> [Work request]: Return the number of lines below that contain "your"; nothing else belongs in the reply.

> [Record extracts]:
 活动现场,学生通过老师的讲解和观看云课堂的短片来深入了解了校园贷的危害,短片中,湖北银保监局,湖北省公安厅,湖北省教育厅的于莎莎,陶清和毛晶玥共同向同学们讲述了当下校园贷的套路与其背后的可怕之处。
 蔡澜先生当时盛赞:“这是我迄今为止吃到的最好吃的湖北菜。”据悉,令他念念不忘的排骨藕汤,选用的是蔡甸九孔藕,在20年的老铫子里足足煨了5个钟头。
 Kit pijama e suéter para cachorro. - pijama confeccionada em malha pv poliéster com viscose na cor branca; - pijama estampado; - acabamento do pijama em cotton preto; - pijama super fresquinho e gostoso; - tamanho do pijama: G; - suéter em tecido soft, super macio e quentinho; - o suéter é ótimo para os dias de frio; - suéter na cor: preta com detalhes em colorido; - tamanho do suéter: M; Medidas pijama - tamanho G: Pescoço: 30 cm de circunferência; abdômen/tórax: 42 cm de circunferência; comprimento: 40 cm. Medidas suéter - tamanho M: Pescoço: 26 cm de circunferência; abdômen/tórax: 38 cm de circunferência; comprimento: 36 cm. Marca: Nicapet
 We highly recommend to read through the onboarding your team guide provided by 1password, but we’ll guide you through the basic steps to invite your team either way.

==

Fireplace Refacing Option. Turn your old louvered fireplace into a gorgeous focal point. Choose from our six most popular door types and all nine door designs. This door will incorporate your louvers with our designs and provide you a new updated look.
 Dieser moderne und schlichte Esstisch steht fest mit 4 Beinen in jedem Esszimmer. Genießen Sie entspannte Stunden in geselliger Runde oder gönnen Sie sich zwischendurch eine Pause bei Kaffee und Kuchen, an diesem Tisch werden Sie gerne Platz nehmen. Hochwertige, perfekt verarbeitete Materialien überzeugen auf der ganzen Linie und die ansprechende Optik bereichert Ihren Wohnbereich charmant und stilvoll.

* * *

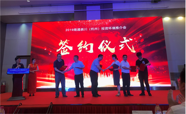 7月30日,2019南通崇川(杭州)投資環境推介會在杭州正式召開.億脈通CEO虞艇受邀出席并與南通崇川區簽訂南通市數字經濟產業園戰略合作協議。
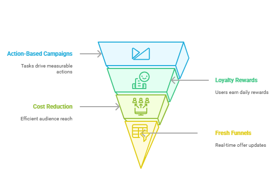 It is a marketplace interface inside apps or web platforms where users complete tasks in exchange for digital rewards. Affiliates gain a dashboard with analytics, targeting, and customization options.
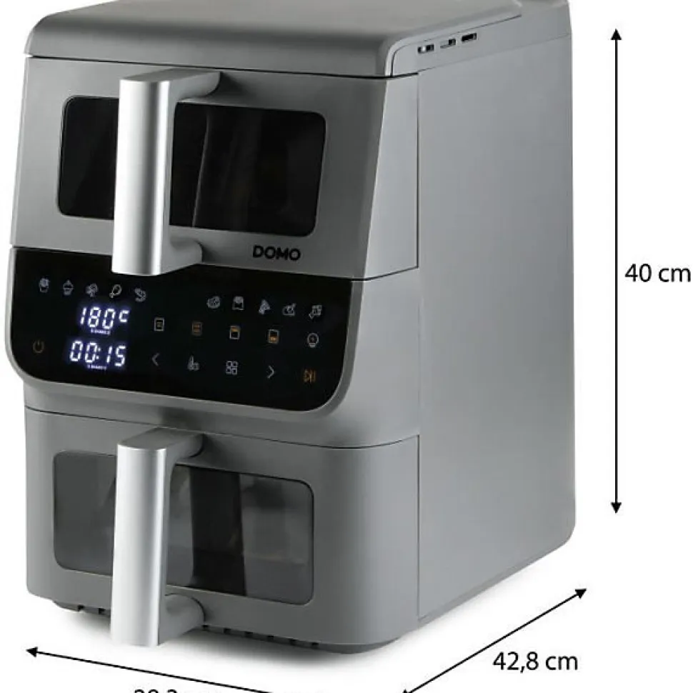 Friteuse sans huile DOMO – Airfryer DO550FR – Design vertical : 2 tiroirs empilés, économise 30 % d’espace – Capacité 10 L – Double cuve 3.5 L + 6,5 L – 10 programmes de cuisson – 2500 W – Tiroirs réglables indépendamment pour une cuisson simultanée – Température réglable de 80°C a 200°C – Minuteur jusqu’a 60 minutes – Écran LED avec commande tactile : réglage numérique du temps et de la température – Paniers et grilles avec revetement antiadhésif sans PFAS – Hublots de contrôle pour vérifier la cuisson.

> [Answer box]: 2